Although described as an opera, this was more a dramatised musical setting with tableaux vivants, as the programme stated "an interpretation rather than a word-for-word rendition".
More than 100 youngsters crammed on the small stage of the Gaiety Theatre in Ayr, severely limiting the scope for action. Nevertheless, miracles of chorus manipulation were enacted, each member of the tight group knowing exactly when and where to move.
Michael Norris's music is just what was required for the occasion. The voices were mostly in unison with simple catchy tunes, at times effectively used in canon or answering ensembles. At times he deliberately adopts Scottish idioms but much of the invention is definitely his own, set to colourful, lively and well varied accompaniments, played with great elan by a small orchestra under the direction of Raymond Bramwell.
Changes in pace in the poem were neatly reflected in the music with an imaginative representation of the ride itself, although neither the staging nor the singing quite reached the headlong dash of Tam's escape. The chorus was constantly alert and solo roles were handled with confidence.
Tam (unexpectedly allotted to a female) was sung with clarity and force by Pauline Graham, and the sultry voiced Lorna Davidson made Cutty Sark so alluring that it is little wonder that our hero blew his cover after her song and dance.
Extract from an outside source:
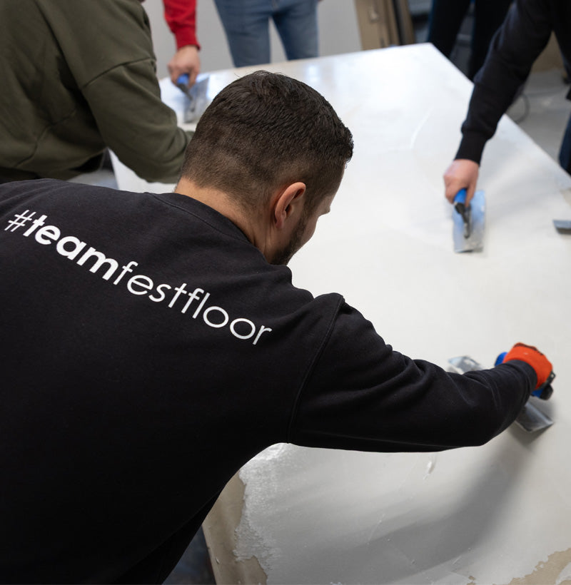 Tak, mikrocement można łączyć z drewnem. Należy jednak zadbać o to, aby podnieść poziom posadzki z mikrocementu do wysokości drewnianej deski, na przykład jeśli deska ma grubość 14 mm, podłoże powinno zostać przygotowane poprzez wykonanie 12‑mm wylewki samopoziomującej oraz 2‑mm warstwy mikrocementu. Dzięki temu obie powierzchnie będą idealnie równe, co zapewni prawidłowe połączenie materiałów.

Credit for the production and design and indeed the whole enterprise must go to Marilyn de Blieck who since 1986 has been stirring up Ayrshire to promote music theatre and opera of a remarkable standard. Michael Norris's Tam O'Shanter is well within the capability of any school, however limited the resources - the results will be well worth the effort, providing a memorable experience for all who take part.